Commentary on “Performance of a Large Language Model in the Generation of Clinical Guidelines for Antibiotic Prophylaxis in Spine Surgery”

Sun-Ho Lee

doi:10.14245/ns.2448236.118

. 2024 Mar 31;21(1):147–148. doi: 10.14245/ns.2448236.118

Commentary on “Performance of a Large Language Model in the Generation of Clinical Guidelines for Antibiotic Prophylaxis in Spine Surgery”

Sun-Ho Lee ^1,^✉

PMCID: PMC10992659 PMID: 38569640

graphic file with name ns-2448236-118i1.jpg

The introduction of artificial intelligence (AI), particularly large language models (LLMs) such as the generative pre-trained transformer (GPT) series into the medical field has heralded a new era of data-driven medicine. AI’s capacity for processing vast datasets has enabled the development of predictive models that can forecast patient outcomes with remarkable accuracy. LLMs like GPT and its successors have demonstrated an ability to understand and generate human-like text, facilitating their application in medical documentation, patient interaction, and even in generating diagnostic reports from patient data and imaging findings. Over the past 10 years, the development of AI, LLMs, and GPTs has significantly impacted the field of neurosurgery and spinal care as well [1-5].

Zaidat et al. [6] studied performance of a LLM in the generation of clinical guidelines for antibiotic prophylaxis in spine surgery. This study delves into the capabilities of ChatGPT’s models, GPT-3.5 and GPT-4.0, showcasing their potential to streamline medical processes. They suggest that GPT-3.5’s ability to generate clinically relevant antibiotic use guidelines for spinal surgery is commendable; however, its limitations, such as the inability to discern the most crucial aspects of the guidelines, redundancy, fabrication of citations, and inconsistency, pose significant barriers to its practical application. GPT-4.0, on the other hand, demonstrates a marked improvement in response accuracy and the ability to cite authoritative guidelines, such as those from the North American Spine Society (NASS). This model’s enhanced performance, including a 20% increase in response accuracy and the ability to cite the NASS guideline in over 60% of responses, suggests a more reliable tool for clinicians seeking to integrate AI-generated content into their practice.

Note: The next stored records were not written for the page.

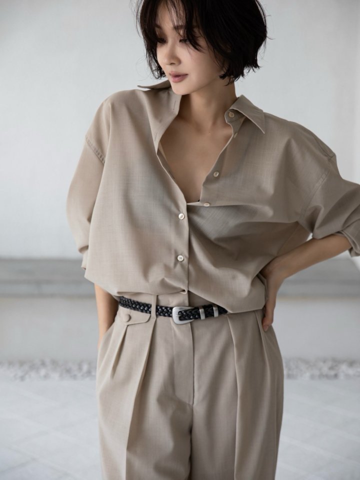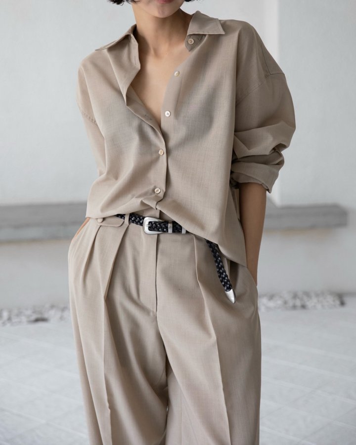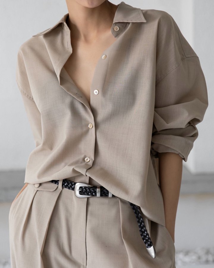 Oversized shirt with fluid lines, snap-button closure, and elongated sleeves. A versatile piece that embodies effortless minimalism.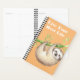 A fun planner for all your important dates, appointments and goal tracking, featuring a whimsical watercolor illustration of a happy sloth hanging from branch on peach background. Personalize with name or custom title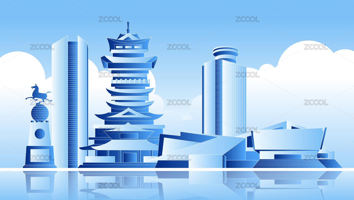 綿陽城市地標建筑群矢量插畫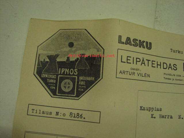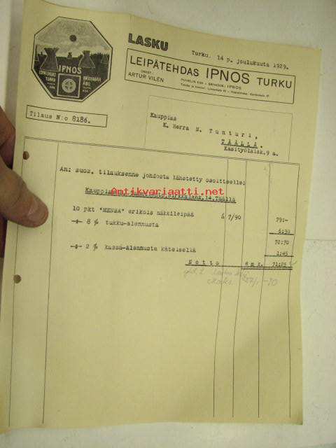 Leipätehdas Ipnos Turku, N. Tunturi, 14.12.1929 -asiakirja

However, the study’s findings also highlight the inherent unpredictability of LLM responses and the potential for “artificial hallucination,” where models generate spurious statements without a solid basis in their training data. This phenomenon raises concerns about the ethical implications of using LLMs in clinical settings, particularly regarding patient care and liability. The possibility of LLMs providing inaccurate responses, especially when prompted for medical advice, necessitates a cautious approach to their deployment. We also pay attention to the limitations of the study itself, including the outdated nature of the NASS guidelines, which have not been updated since 2013, and the potential biases and gaps in the medical knowledge contained within the LLMs’ training data. These factors highlight the importance of ongoing research and development to ensure that LLMs are trained on the most recent and relevant medical literature.

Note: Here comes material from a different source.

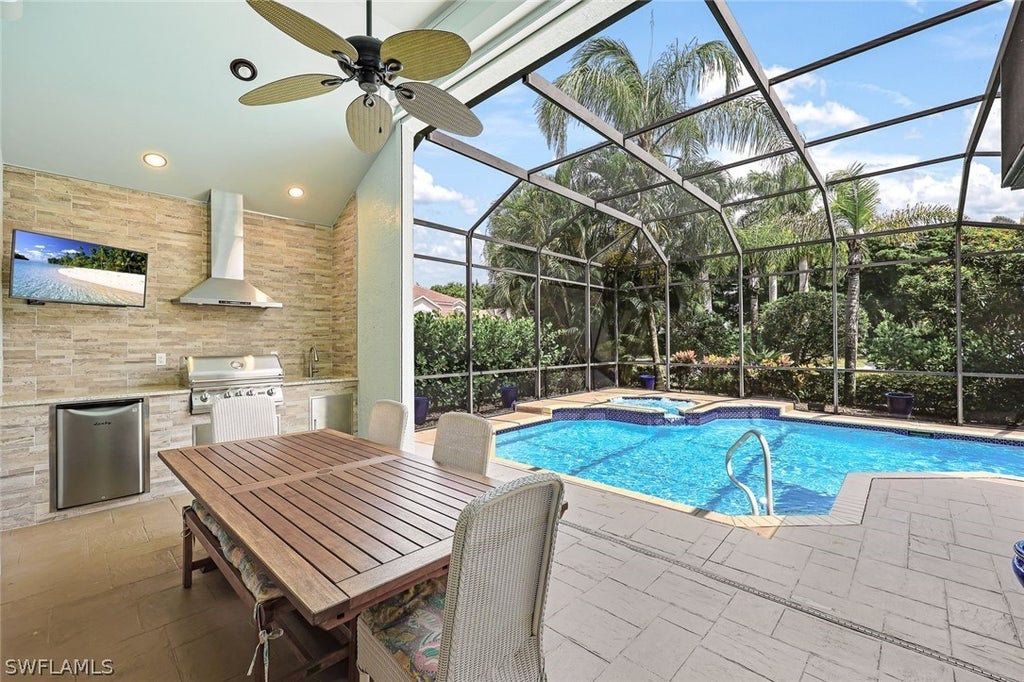 Indulge in the Pelican Marsh lifestyle within this amenity-rich, gated community in North Naples. This very special home in a unique location can now be yours. Relish the sun-filled home at the end of the street, nestled in a quiet location, surrounded by lush tropical landscaping that provides open views and exceptional privacy. The lanai is perfect for outdoor entertaining and features a like-new outdoor kitchen 2019 with a gas grill, mounted TV adjacent to the refurbished pool and spa. For your convenience and peace of mind, the home is equipped with electric hurricane shutters, select impact windows, and a new AC and water heater installed in 2024. NEW ROOF as of 9/2024! This spacious single-family home offers three bedrooms and three full baths, with two bedrooms conveniently located on the main level. The second floor includes a third bedroom, a full bath, and a versatile loft that can serve as a fourth sleeping area or an office space. The owner’s suite boasts a remodeled bathroom with a walk-in frameless shower, dual-sink vanity, a large walk-in closet, and direct access to the lanai. The great room design creates a sense of openness with volume ceilings and a seamless flow into the dining area and updated kitchen. The kitchen is a chef’s dream, complete with stainless steel appliances, custom cabinetry, soft-close drawers, and a wine cooler. Situated in a unique location in Ventura, this home is minutes from world-class shopping, dining, and pristine beaches. The community offers an array of amenities, including a top-notch tennis program with an on-site pro, a fitness center with a trainer and active classes, bocce, pickleball, and the newly added Courtside on-site restaurant. Pets welcomed with a limit of 2. This neighborhood is enhanced by mature tree-lined streets, safe sidewalks, and roving security. Private golf memberships are available separately for those seeking an exclusive golf experience. Don’t miss this opportunity to enjoy the best of the Pelican Marsh lifestyle!

From the perspective of a spine surgeon, the advancements from GPT-3.5 to GPT-4.0 are noteworthy. Recent studies have showcased the diverse applications of these AI models, from enhancing clinical outcomes aiding in diagnostics and patient care [7,8]. While LLMs like GPT-3.5 and GPT-4.0 hold significant promise for enhancing clinical practice, their current application should be approached with caution. Clinicians must critically evaluate the information provided by these models and should not rely on them exclusively for clinical recommendations. The future direction of LLM development, including the anticipated release of GPT-4.0 Turbo and domain-specific models trained on medical literature, offers exciting possibilities for the field. However, the medical community must balance this enthusiasm with rigorous research to understand the models’ limitations and to develop evidence-based guidelines for their safe and effective use in clinical settings. As we stand on the beginning of a new era in medical AI, it is imperative that we proceed with both caution and optimism, ensuring that patient care remains at the forefront of our priorities.

Footnotes

Conflict of Interest

The author has nothing to disclose.

REFERENCES

1.Chang M, Canseco JA, Nicholson KJ, et al. The role of machine learning in spine surgery: the future is now. Front Surg. 2020;7:54. doi: 10.3389/fsurg.2020.00054. [DOI] [PMC free article] [PubMed] [Google Scholar]
2.Kuang YR, Zou MX, Niu HQ, et al. ChatGPT encounters multiple opportunities and challenges in neurosurgery. Int J Surg. 2023;109:2886–91. doi: 10.1097/JS9.0000000000000571. [DOI] [PMC free article] [PubMed] [Google Scholar]
3.Schwartz JT, Gao M, Geng EA, et al. Applications of machine learning using electronic medical records in spine surgery. Neurospine. 2019;16:643–53. doi: 10.14245/ns.1938386.193. [DOI] [PMC free article] [PubMed] [Google Scholar]
4.Kim SH, Lee SH, Shin DA. Could machine learning better predict postoperative C5 palsy of cervical ossification of the posterior longitudinal ligament? Clin Spine Surg. 2022;35:E419–25. doi: 10.1097/BSD.0000000000001295. [DOI] [PMC free article] [PubMed] [Google Scholar]
5.Noh SH, Lee HS, Park GE, et al. Predicting mechanical complications after adult spinal deformity operation using a machine learning model based on modified global alignment and proportion scoring with body mass index and bone mineral density. Neurospine. 2023;20:265–74. doi: 10.14245/ns.2244854.427. [DOI] [PMC free article] [PubMed] [Google Scholar]
6.Zaidat B, Shrestha N, Rosenberg AM, et al. Performance of a large language model in the generation of clinical guidelines for antibiotic prophylaxis in spine surgery. Neurospine. 2024;21:128–46. doi: 10.14245/ns.2347310.655. [DOI] [PMC free article] [PubMed] [Google Scholar]
7.Ali R, Tang OY, Connolly ID, et al. Performance of ChatGPT and GPT-4 on neurosurgery written board examinations. Neurosurgery. 2023;93:1353–65. doi: 10.1227/neu.0000000000002632. [DOI] [PubMed] [Google Scholar]
8.Shrestha N, Shen Z, Zaidat B, et al. Performance of ChatGPT on NASS clinical guidelines for the diagnosis and treatment of low back pain: a comparison study. Spine (Phila Pa 1976) doi: 10.1097/BRS.0000000000004915. 2024 Jan 12. doi: 10.1097/BRS.0000000000004915. [Epub] [DOI] [PubMed] [Google Scholar]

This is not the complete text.